Lepraria achariana

Scientific classification
- Kingdom: Fungi
- Division: Ascomycota
- Class: Lecanoromycetes
- Order: Lecanorales
- Family: Stereocaulaceae
- Genus: Lepraria
- Species: L. achariana
- Binomial name: Lepraria achariana Flakus & Kukwa (2007)

= Lepraria achariana =

- Authority: Flakus & Kukwa (2007)

Species of lichen

Lepraria achariana is a species of leprose lichen in the family Stereocaulaceae. It occurs at high elevations in Bolivia.

==Taxonomy==

It was described as new to science by the lichenologists Adam Flakus and Martin Kukwa in 2007. The type specimen was collected in Bolivia, within the La Paz Department, Manco Kapac Province. The collection site is located on Mount Horca del Inca, near the village of Copacabana, at an elevation of 3974 m. The specimen was found in a high Andean Puna vegetation zone, growing on rock. It was gathered on 18 June 2006 by Flakus (specimen number 8670) and is deposited as the holotype in the KRAM-L herbarium.

==Description==

Like other members of the genus Lepraria, this lichen forms a powdery, crust-like growth (the thallus) that never develops fruiting bodies (apothecia). The thallus has a diffuse (undefined) edge and lacks . While it does not have a true inner layer (medulla), it typically has a well-developed loose, cottony base layer that is white or shows patches of orange colouration.

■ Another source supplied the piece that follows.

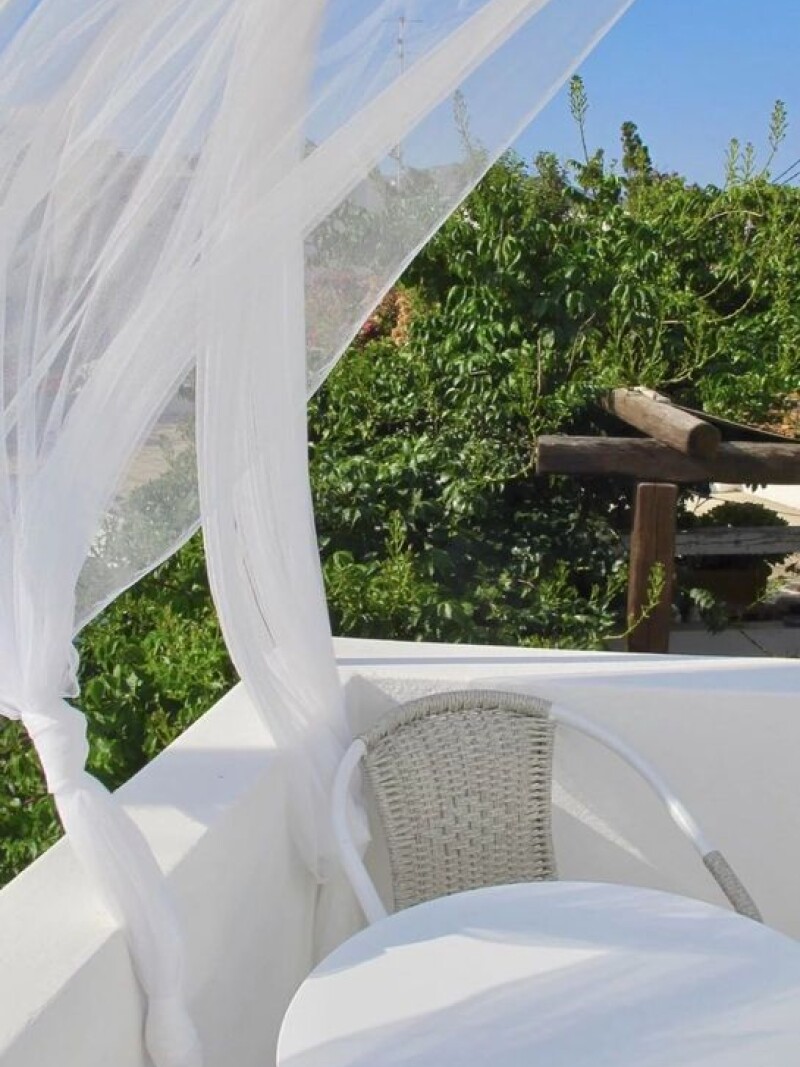 Charming village house in Parikia, pedestrian street and quiet residential area. House on 2 floors, composed of a living area with living/dining and kitchen, a beddroom and a shower room/toilet. On the first floor a bedroom, shower room/wc and two terraces. Access to all amenities.

The reproductive structures consist of abundant fine powder-like (soredia) up to 45 μm in diameter. These soredia typically cluster together into larger groups up to 75–150 μm across.

The species contains lecanoric acid and roccellic/angardianic acids. It may also contain from two to four unidentified anthraquinone compounds. When tested with common lichen chemical spot tests, it is K− or shows a purple reaction on its underside, C+ (carmine red), KC+ (red), and Pd−.

==Habitat and distribution==

Lepraria achariana grows on humus, mosses growing on soil (terricolous mosses), and rocks. It has been found in open areas of high Andean Puna grassland vegetation and upper montane cloud forest. The species is only known to occur in Bolivia.